[Date Prev][Date Next][Thread Prev][Thread Next][Date Index][Thread Index]

Re: strange packet loss

On Mar 14 01:37 PM, Matt Provost wrote:
> We're running an OpenBSD 3.1 pf firewall between our network and our
> ISP. Lately we've had trouble with packet loss - it occurs at random
> intervals, but almost always lasts around 18 seconds (+-1 sec). In
> between, everything looks fine. The drops wreak havoc with ssh sessions
> though.
> We've got a direct cat5 patch to our ISP at the datacenter going into
> the firewall. I can watch the packet loss by running a ping from the
> firewall to the router on the other end of the cable.
> We're pushing about 15Mbits of traffic over this connection. We've got
> 245 filter rules, and every pass rule is stateful.
> If we disable pf, the packet loss seems to go away, although we haven't
> been able to run very extensive tests with it wide open.
> We have a standby firewall that I upgraded to the latest 3.3 snapshot
> (March 12?) and loaded the same ruleset on - and had the same packet
> loss.
> Has anyone ever seen this problem before? I doubt that it's strictly a pf
> problem, since it's been rewritten so much since 3.1.
> Here's my dmesg in case anyone sees anything. I did see that the USB
> controller shares an interrupt with the network cards, but we're not
> using USB and vmstat -i shows that it sends no interrupts.
> Thanks,
> Matt
Ok, since posting this email we've discovered that our DNS servers are
still delegated for some spammer domain that we kicked off months ago.

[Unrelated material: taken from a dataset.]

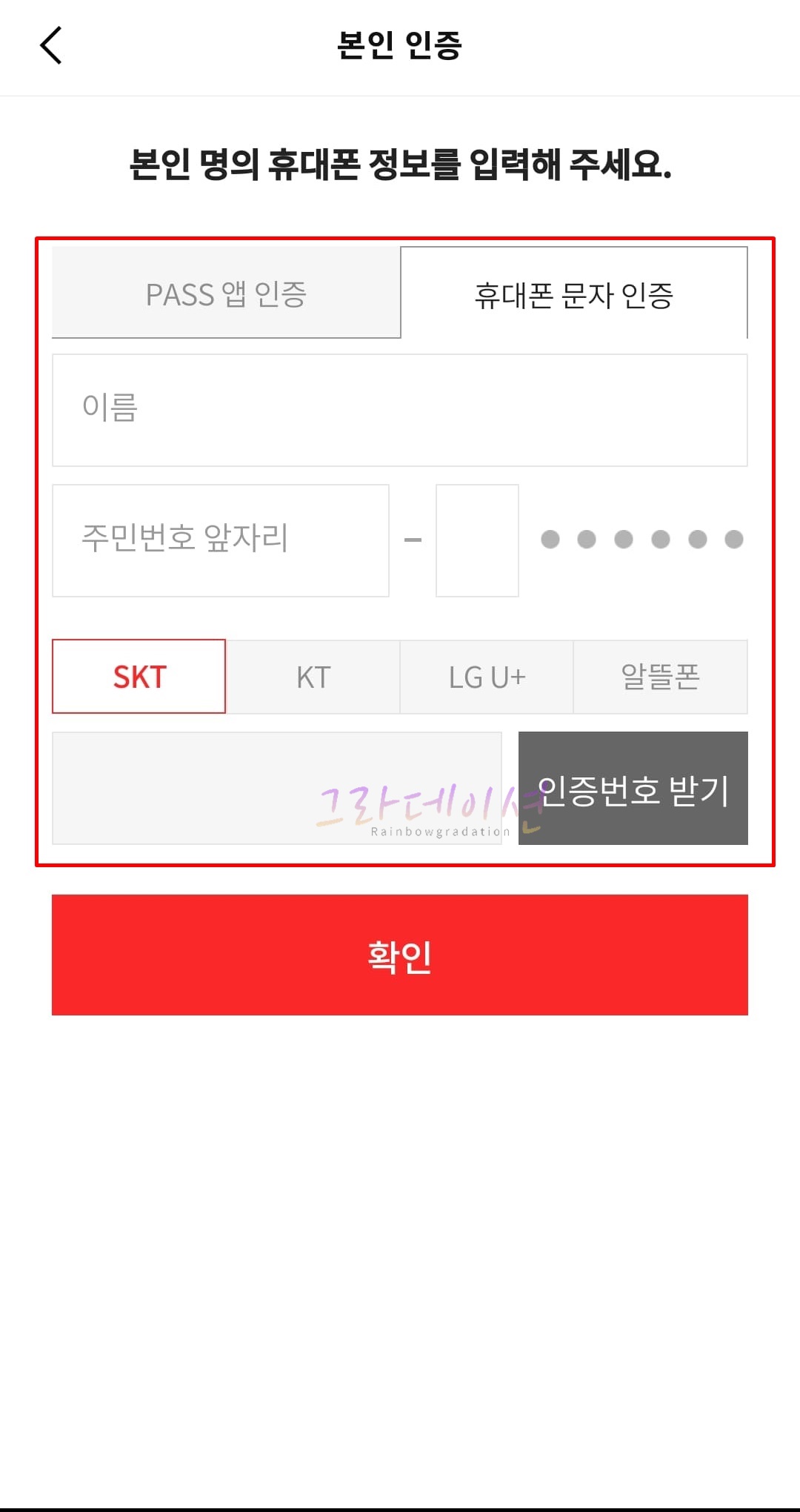 5. PASS 앱 인증과 휴대폰 문자 인증 중 원하는 '본인인증'을 합니다. PASS 앱 인증 경우, PASS 앱 가입 및 설치가 필요합니다. 필자는 휴대폰 문자 인증으로 진행해 보겠습니다. 본인의 이름과 주민번호 앞자리, 휴대폰 번호를 모두 '입력' 합니다.

He's still using it as his From: address on spam though. So we're
getting several hundred thousand requests per hour for his DNS info. I'm
guessing that it's the massive number of new connections that is killing
the packet filter. We still get 18 second dropouts all the time.
We've got the lame delegation problem taken care of with his registrar,
and are just waiting for the glue record to update.
In the meantime, what can we do to deal with the problem? Our timeout
settings are the default:
udp.first            60s
udp.single           30s
udp.multiple         60s
Should I decrease these? I already switched from using stateful
connections to just passing DNS requests through.
Are there any queues on the system side that would make a difference?
The sysctl UDP parameters are all default too:
net.inet.udp.recvspace = 41600
net.inet.udp.sendspace = 9216
It is my understanding that these are only used by traffic destined for
the machine though, not passing through it.
I'm sure this is going to happen again, so I'd like to get it resolved
now, especially since updating the root servers takes forever.